The demo starts in "Testing mode" with fixed grid size. After calculating the average FPS result, it will switch to normal mode and grid will be readjusted depending on model performance. Bigger grid means higher performance. You can repeat testing by pressing "Space" or "R" button.
When "ground truth" data is applied, the color coding for the text, drawn above each image, shows whether the classification was correct: green means correct class prediction, red means wrong.
You can stop the demo by pressing "Esc" or "Q" button. After that, the average metrics values will be printed to the console.
NOTE: By default, Open Model Zoo demos expect input with BGR channels order. If you trained your model to work with RGB order, you need to manually rearrange the default channels order in the demo application or reconvert your model using the Model Optimizer tool with the
--reverse_input_channels
argument specified. For more information about the argument, refer to When to Reverse Input Channels section of [Embedding Preprocessing Computation](@ref openvino_docs_MO_DG_Additional_Optimization_Use_Cases).

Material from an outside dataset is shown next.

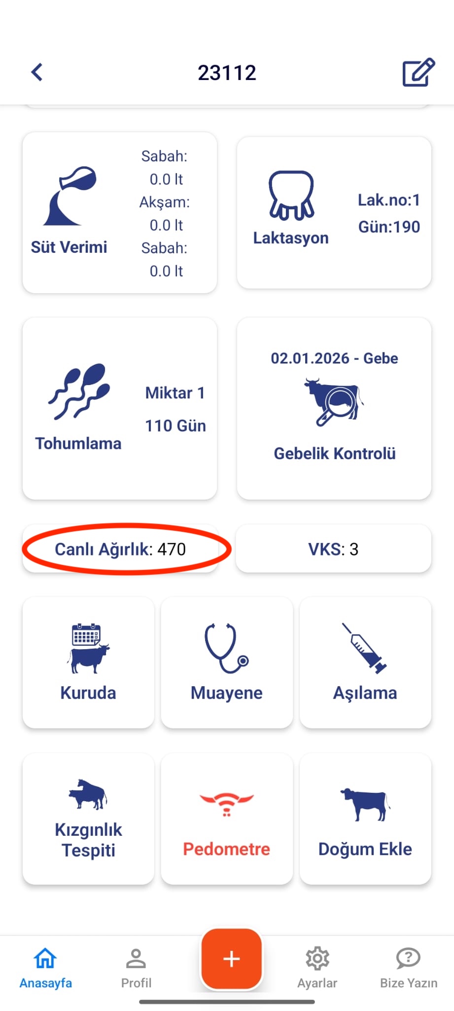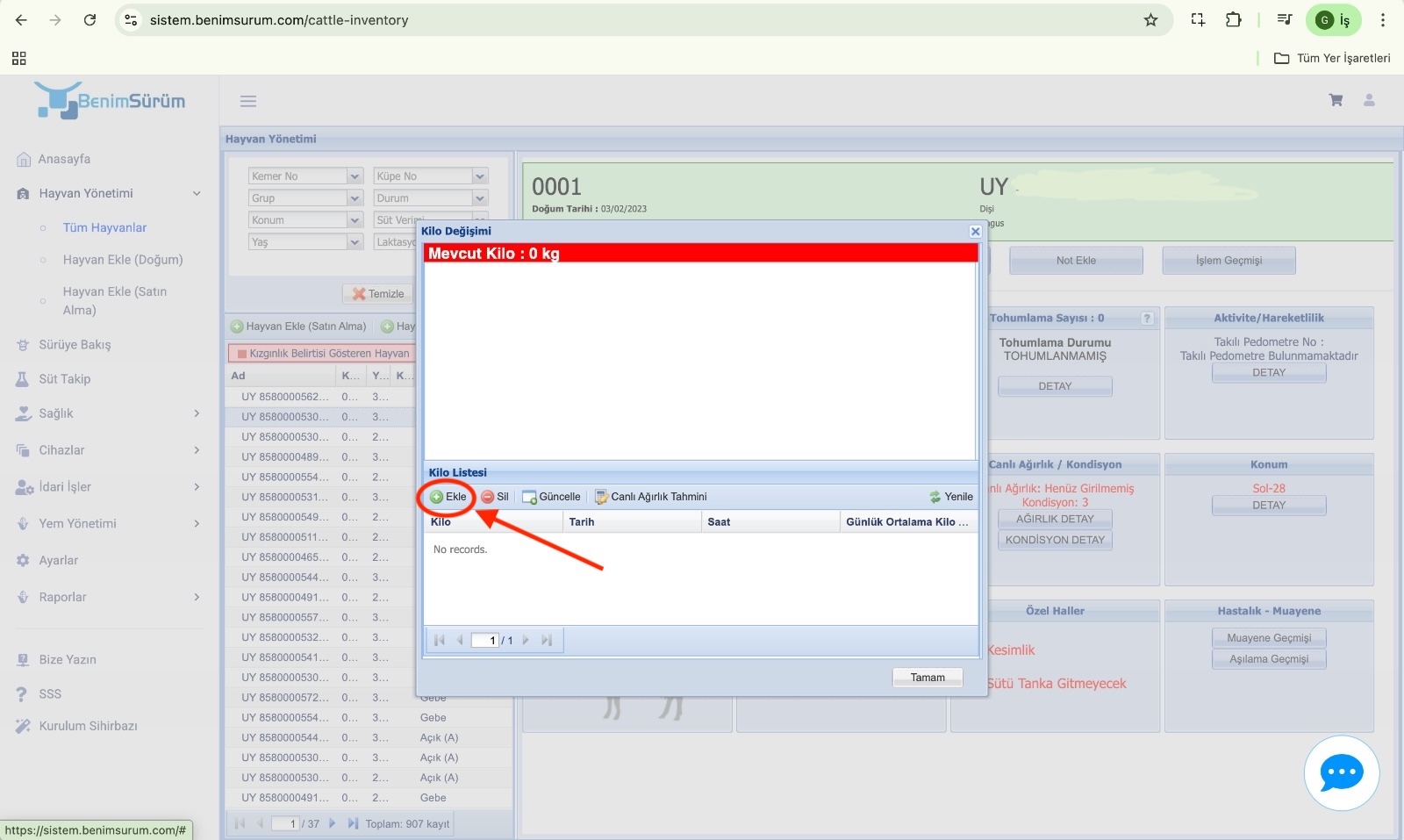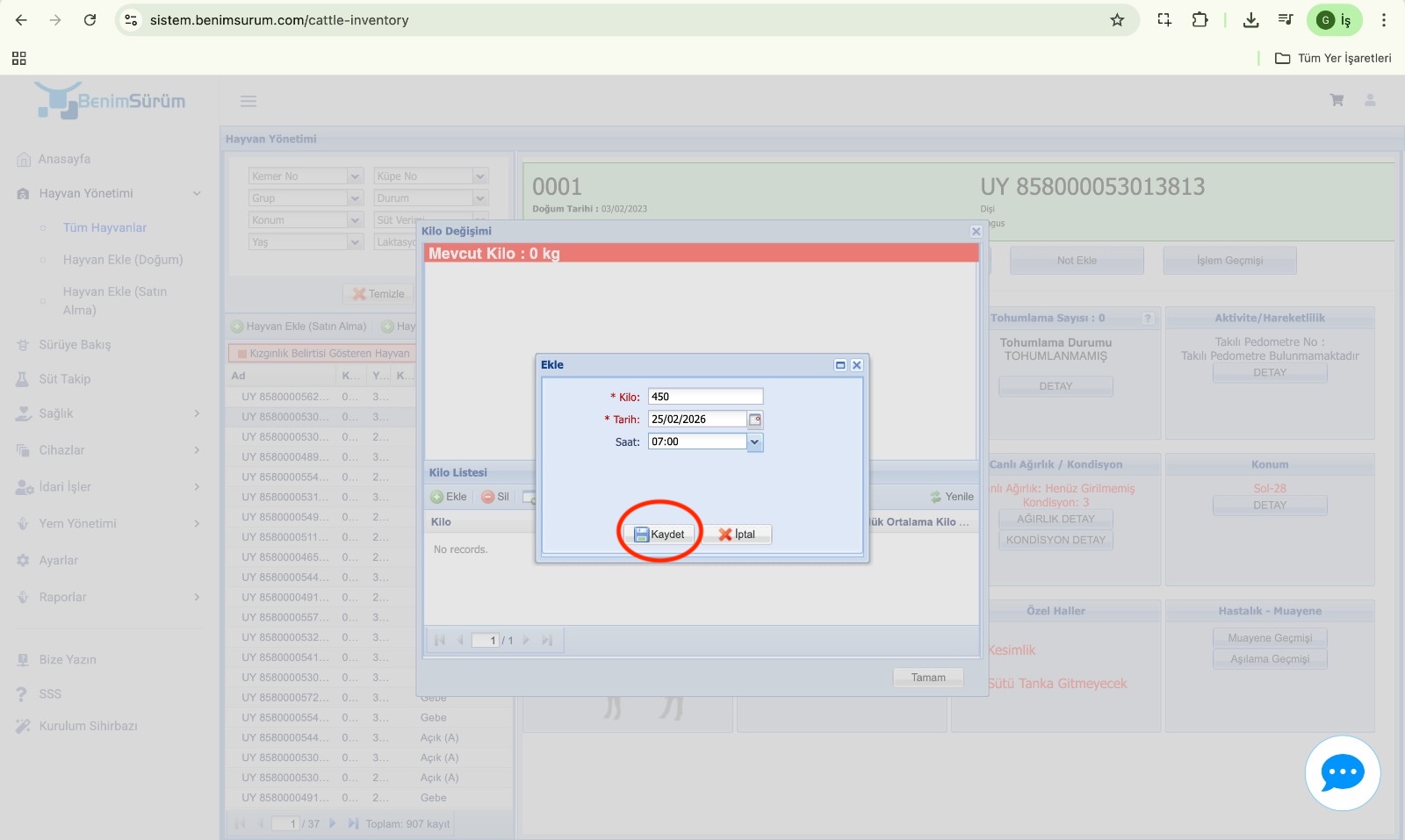 - Hayvanınıza ait canlı ağırlık bilgisini girip kaydedin.

The list of models supported by the demo is in <omz_dir>/demos/classification_benchmark_demo/cpp/models.lst
file.
This file can be used as a parameter for Model Downloader and Converter to download and, if necessary, convert models to OpenVINO IR format (*.xml + *.bin).
An example of using the Model Downloader:
omz_downloader --list models.lst
An example of using the Model Converter:
omz_converter --list models.lst
- convnext-tiny
- densenet-121-tf
- dla-34
- efficientnet-b0
- efficientnet-b0-pytorch
- efficientnet-v2-b0
- efficientnet-v2-s
- googlenet-v1-tf
- googlenet-v2-tf
- googlenet-v3
- googlenet-v3-pytorch
- googlenet-v4-tf
- hbonet-0.25
- hbonet-1.0
- inception-resnet-v2-tf
- levit-128s
- mixnet-l
- mobilenet-v1-0.25-128
- mobilenet-v1-1.0-224-tf
- mobilenet-v2-1.0-224
- mobilenet-v2-1.4-224
- mobilenet-v2-pytorch
- mobilenet-v3-large-1.0-224-tf
- mobilenet-v3-small-1.0-224-tf
- nfnet-f0
- regnetx-3.2gf
- repvgg-a0
- repvgg-b1
- repvgg-b3
- resnest-50-pytorch
- resnet-18-pytorch
- resnet-34-pytorch
- resnet-50-pytorch
- resnet-50-tf
- resnet18-xnor-binary-onnx-0001
- resnet50-binary-0001
- rexnet-v1-x1.0
- shufflenet-v2-x1.0
- swin-tiny-patch4-window7-224
- t2t-vit-14
NOTE: Refer to the tables Intel's Pre-Trained Models Device Support and Public Pre-Trained Models Device Support for the details on models inference support at different devices.
If you want to see classification results, you must use "-gt" and "-labels" flags to specify two .txt files containing lists of classes and labels.
"The ground truth" file is used for matching image file names with correct object classes.
It has the following format:
./ILSVRC2012_val_00000001.JPEG 65
./ILSVRC2012_val_00000002.JPEG 970
./ILSVRC2012_val_00000003.JPEG 230
...
Class index values must be in range from 0 to 1000. If you want to use "other" class, which is supported only by a small subset of models, specify it with -1 index.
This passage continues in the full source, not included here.